• **Work request**
Down to the last line, print the data that follows exactly, without its pictures.

• **Recorded data**
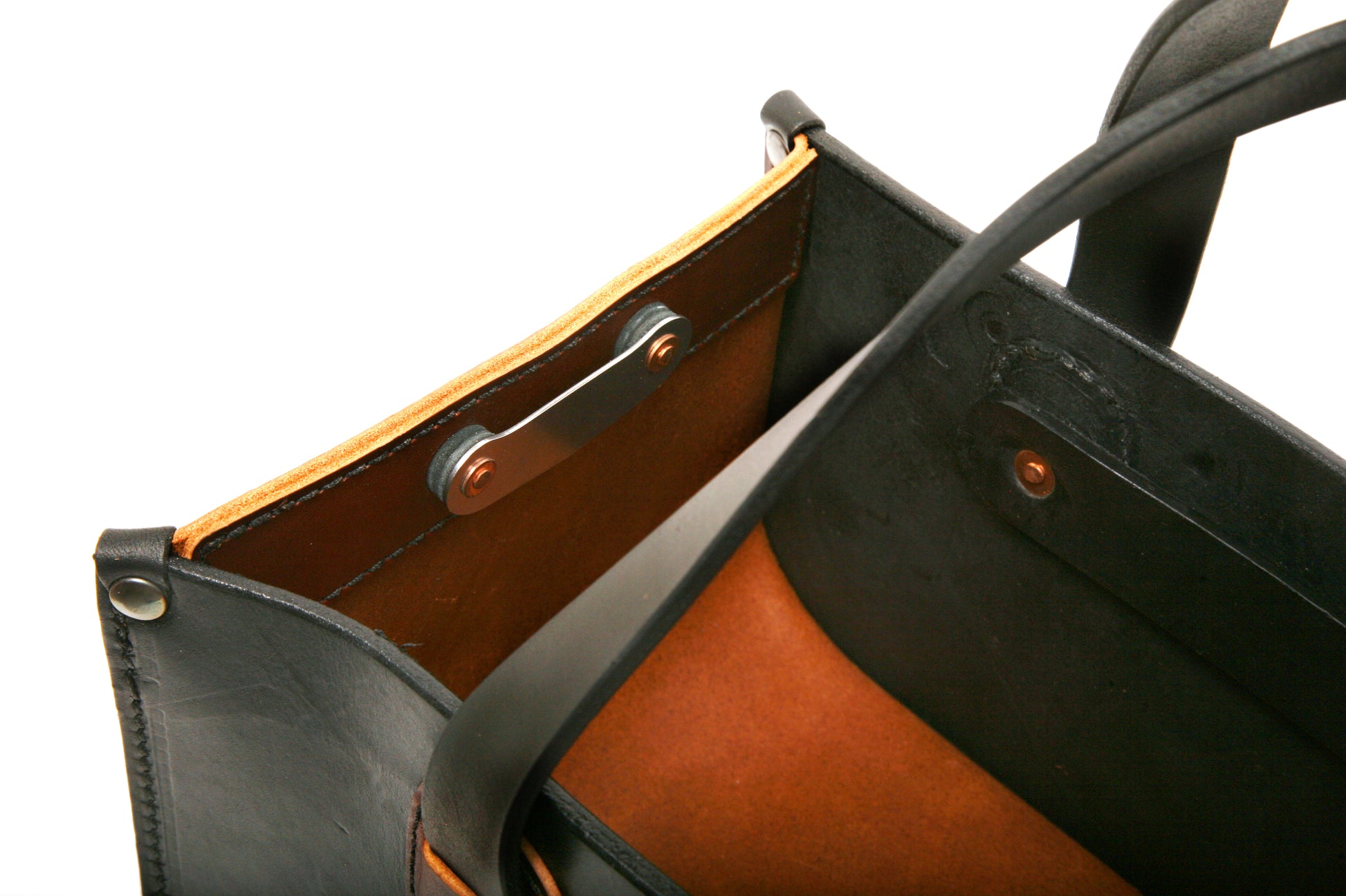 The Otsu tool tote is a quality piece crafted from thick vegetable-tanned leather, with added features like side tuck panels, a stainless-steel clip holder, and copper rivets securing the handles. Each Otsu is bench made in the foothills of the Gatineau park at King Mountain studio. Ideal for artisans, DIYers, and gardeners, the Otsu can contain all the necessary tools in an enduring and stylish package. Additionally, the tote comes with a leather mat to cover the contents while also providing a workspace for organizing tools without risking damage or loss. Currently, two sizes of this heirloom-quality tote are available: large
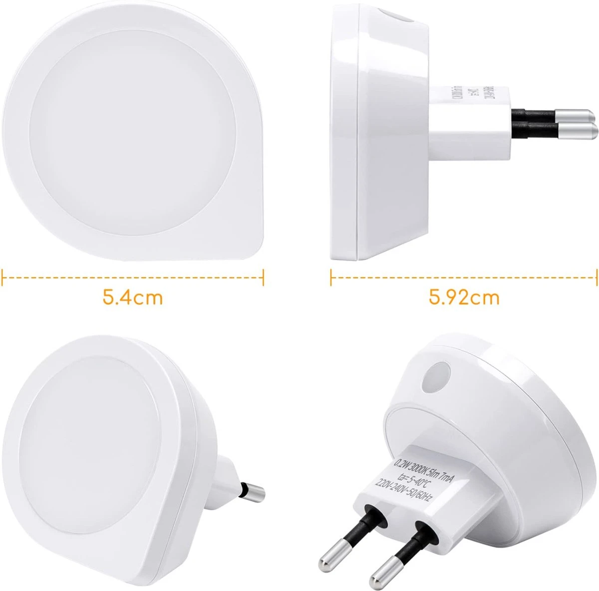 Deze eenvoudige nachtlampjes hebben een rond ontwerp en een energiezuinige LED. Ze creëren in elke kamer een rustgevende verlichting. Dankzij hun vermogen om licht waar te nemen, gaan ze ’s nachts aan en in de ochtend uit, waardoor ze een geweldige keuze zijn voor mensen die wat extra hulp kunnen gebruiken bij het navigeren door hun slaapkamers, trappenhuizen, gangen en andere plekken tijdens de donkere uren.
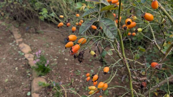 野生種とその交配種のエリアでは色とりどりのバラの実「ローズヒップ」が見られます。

• **Answer for this exercise**
 The Otsu tool tote is a quality piece crafted from thick vegetable-tanned leather, with added features like side tuck panels, a stainless-steel clip holder, and copper rivets securing the handles. Each Otsu is bench made in the foothills of the Gatineau park at King Mountain studio. Ideal for artisans, DIYers, and gardeners, the Otsu can contain all the necessary tools in an enduring and stylish package. Additionally, the tote comes with a leather mat to cover the contents while also providing a workspace for organizing tools without risking damage or loss. Currently, two sizes of this heirloom-quality tote are available: large
 Deze eenvoudige nachtlampjes hebben een rond ontwerp en een energiezuinige LED. Ze creëren in elke kamer een rustgevende verlichting. Dankzij hun vermogen om licht waar te nemen, gaan ze ’s nachts aan en in de ochtend uit, waardoor ze een geweldige keuze zijn voor mensen die wat extra hulp kunnen gebruiken bij het navigeren door hun slaapkamers, trappenhuizen, gangen en andere plekken tijdens de donkere uren.
 野生種とその交配種のエリアでは色とりどりのバラの実「ローズヒップ」が見られます。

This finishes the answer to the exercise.